### [Task description]
Copy each line of the records exactly, stopping only after the line that contains "Rose Spitze Blume" has been written, and leave pictures out.

### [Dataset extract]
□ □ □ □

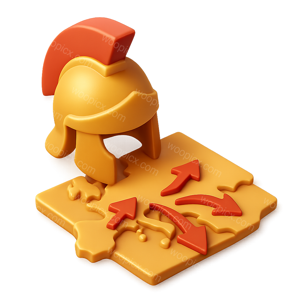 A stylized 3D icon depicting a gladiator helmet on a map with directional arrows, showcasing the theme of Roman Empire expansion.
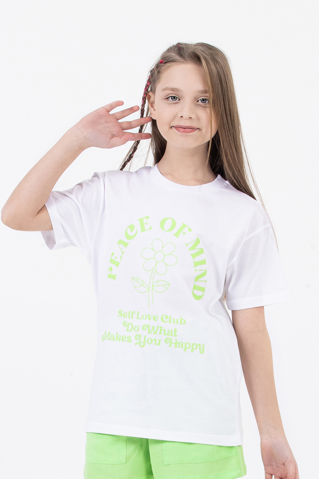 Футболка для девочки ДМБ  прямого кроя с округлой горловиной.  Благодаря цветочному принту футболка выглядит нарядно,оригинально по девчачьи мило и кокетливо. Футболка прекрасно сочетается с джинсами, юбками и шортами.
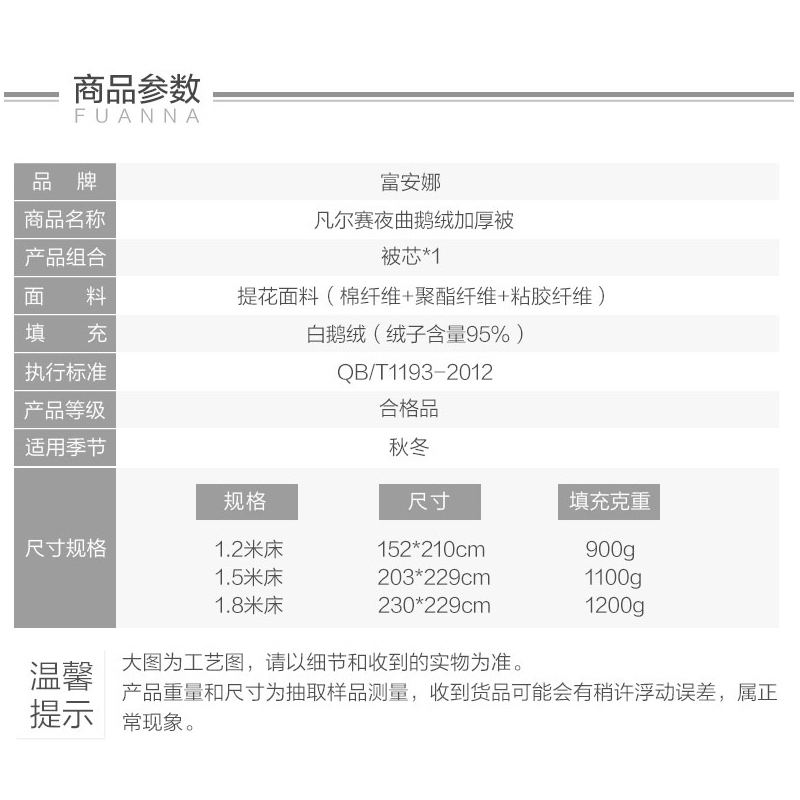 凡尔赛夜曲鹅绒加厚被(被芯1件)(适合1.2米床)【面料:涤竹棉提花;95%白鹅绒/灰】 |
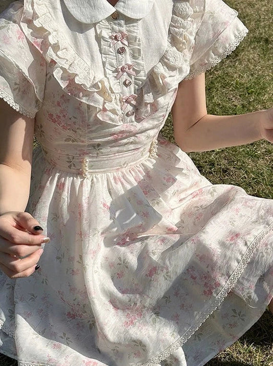 Rose Spitze Blume Fee Kleid Druck Französisch
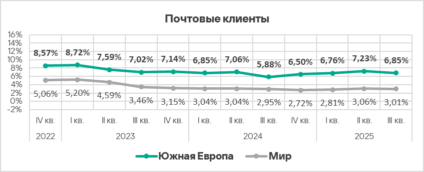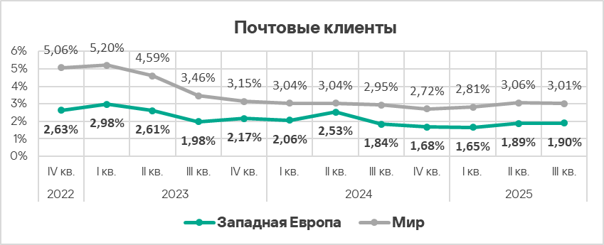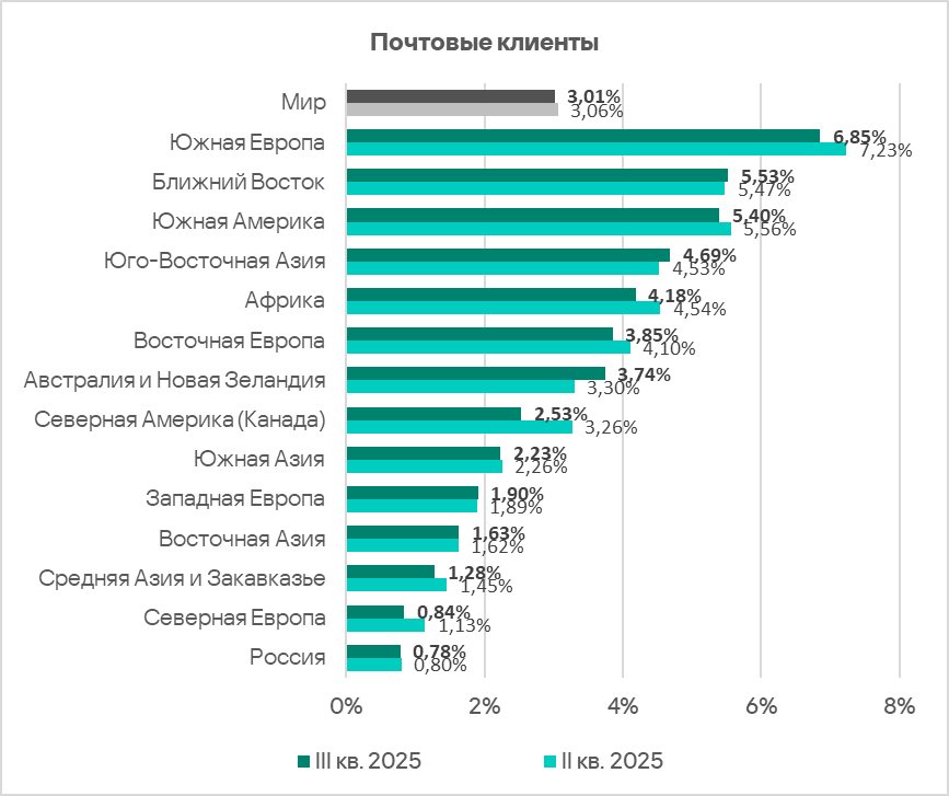 По доле компьютеров АСУ, на которых были заблокированы угрозы в почтовых клиентах, в третьем квартале 2025 года Восточная Европа занимает шестое место среди регионов с показателем 3,85%. Это в 4,9 раза больше, чем в России, которая замыкает соответствующий рейтинг.

□ □ □ □

### [Result for this exercise]
 A stylized 3D icon depicting a gladiator helmet on a map with directional arrows, showcasing the theme of Roman Empire expansion.
 Футболка для девочки ДМБ  прямого кроя с округлой горловиной.  Благодаря цветочному принту футболка выглядит нарядно,оригинально по девчачьи мило и кокетливо. Футболка прекрасно сочетается с джинсами, юбками и шортами.
 凡尔赛夜曲鹅绒加厚被(被芯1件)(适合1.2米床)【面料:涤竹棉提花;95%白鹅绒/灰】 |
 Rose Spitze Blume Fee Kleid Druck Französisch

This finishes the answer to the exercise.